§ Prompt
From the records that follow, return exactly the lines beginning at the one that contains "ผู้ว่าราชการจั" and ending at the one that contains "Entrega de los", pictures left out.

§ Input for this task

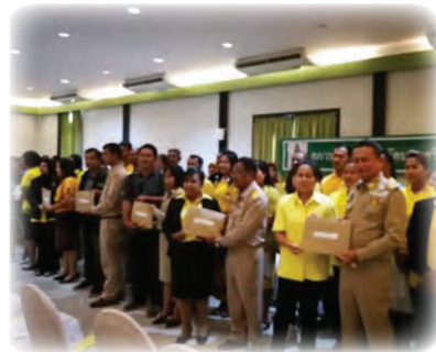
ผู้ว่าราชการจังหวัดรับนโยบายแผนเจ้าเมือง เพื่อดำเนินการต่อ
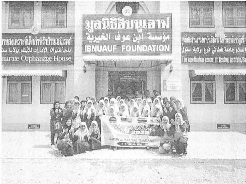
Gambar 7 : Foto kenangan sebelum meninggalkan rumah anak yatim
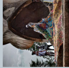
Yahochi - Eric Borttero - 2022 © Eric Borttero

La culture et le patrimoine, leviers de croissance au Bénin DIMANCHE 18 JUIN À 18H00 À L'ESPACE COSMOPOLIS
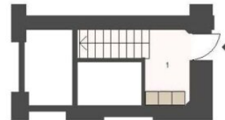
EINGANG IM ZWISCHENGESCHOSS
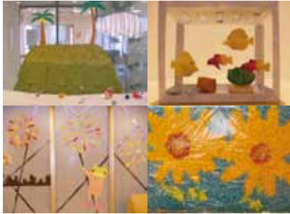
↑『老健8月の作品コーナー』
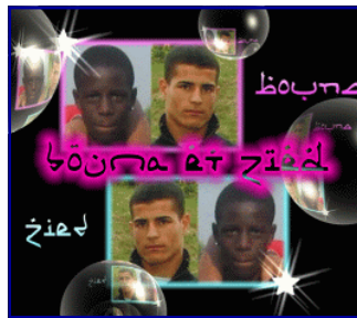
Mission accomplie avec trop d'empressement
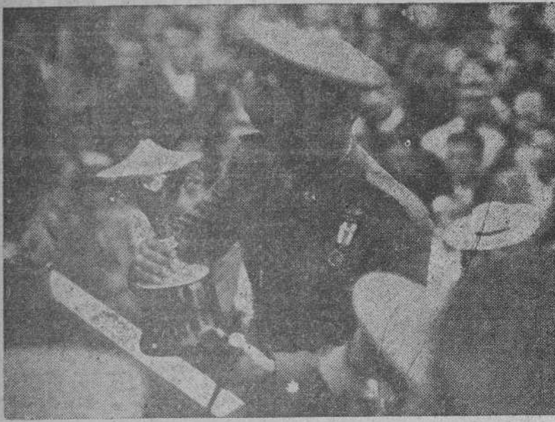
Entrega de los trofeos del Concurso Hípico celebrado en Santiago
...
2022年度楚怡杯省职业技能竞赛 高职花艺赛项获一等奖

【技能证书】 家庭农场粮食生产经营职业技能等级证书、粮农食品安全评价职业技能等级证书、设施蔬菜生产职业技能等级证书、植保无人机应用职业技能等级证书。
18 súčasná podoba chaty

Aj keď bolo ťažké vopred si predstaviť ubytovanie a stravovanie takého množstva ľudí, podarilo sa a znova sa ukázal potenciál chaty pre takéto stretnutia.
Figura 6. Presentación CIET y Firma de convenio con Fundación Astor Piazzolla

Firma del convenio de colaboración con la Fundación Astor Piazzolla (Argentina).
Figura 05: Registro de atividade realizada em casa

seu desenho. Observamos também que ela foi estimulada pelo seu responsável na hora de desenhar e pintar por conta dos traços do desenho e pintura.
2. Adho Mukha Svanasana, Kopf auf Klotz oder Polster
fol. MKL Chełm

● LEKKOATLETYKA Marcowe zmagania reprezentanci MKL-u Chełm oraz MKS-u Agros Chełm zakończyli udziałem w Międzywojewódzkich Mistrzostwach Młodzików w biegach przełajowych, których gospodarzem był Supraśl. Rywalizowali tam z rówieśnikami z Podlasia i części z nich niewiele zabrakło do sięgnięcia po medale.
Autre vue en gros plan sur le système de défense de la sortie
...
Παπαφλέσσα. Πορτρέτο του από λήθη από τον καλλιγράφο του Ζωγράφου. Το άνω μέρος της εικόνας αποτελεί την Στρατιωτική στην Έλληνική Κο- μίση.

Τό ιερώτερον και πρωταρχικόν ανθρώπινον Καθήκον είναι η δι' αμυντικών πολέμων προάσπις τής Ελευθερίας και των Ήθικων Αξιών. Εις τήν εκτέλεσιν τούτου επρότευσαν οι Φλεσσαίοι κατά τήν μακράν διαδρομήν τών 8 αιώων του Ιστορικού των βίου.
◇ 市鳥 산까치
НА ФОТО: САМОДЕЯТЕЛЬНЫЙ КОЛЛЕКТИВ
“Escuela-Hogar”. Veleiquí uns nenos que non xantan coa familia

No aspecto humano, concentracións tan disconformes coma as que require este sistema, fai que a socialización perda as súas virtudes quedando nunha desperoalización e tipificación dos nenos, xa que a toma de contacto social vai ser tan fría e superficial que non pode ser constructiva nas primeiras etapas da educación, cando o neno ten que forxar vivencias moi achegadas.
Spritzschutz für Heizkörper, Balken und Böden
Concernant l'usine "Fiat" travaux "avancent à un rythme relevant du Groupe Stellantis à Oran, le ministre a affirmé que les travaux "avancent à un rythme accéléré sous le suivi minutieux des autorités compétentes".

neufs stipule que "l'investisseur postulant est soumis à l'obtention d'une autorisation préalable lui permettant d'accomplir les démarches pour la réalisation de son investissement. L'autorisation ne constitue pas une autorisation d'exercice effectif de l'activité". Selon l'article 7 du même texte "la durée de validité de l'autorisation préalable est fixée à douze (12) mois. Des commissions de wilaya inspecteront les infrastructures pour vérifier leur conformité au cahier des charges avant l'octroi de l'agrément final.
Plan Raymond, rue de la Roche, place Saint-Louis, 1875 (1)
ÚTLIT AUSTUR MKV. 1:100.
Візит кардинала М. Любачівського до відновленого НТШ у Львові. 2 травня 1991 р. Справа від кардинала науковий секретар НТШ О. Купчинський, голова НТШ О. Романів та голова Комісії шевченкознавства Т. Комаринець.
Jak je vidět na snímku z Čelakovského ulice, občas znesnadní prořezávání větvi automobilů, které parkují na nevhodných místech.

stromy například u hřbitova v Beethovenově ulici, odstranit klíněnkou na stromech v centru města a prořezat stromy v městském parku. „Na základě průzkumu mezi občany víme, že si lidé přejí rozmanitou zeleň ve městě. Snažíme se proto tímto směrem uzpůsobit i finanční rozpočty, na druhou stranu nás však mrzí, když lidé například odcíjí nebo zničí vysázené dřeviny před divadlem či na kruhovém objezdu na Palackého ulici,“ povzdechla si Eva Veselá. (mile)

§ Problem solution
ผู้ว่าราชการจังหวัดรับนโยบายแผนเจ้าเมือง เพื่อดำเนินการต่อ
Gambar 7 : Foto kenangan sebelum meninggalkan rumah anak yatim
Yahochi - Eric Borttero - 2022 © Eric Borttero

La culture et le patrimoine, leviers de croissance au Bénin DIMANCHE 18 JUIN À 18H00 À L'ESPACE COSMOPOLIS
EINGANG IM ZWISCHENGESCHOSS
↑『老健8月の作品コーナー』
Mission accomplie avec trop d'empressement
Entrega de los trofeos del Concurso Hípico celebrado en Santiago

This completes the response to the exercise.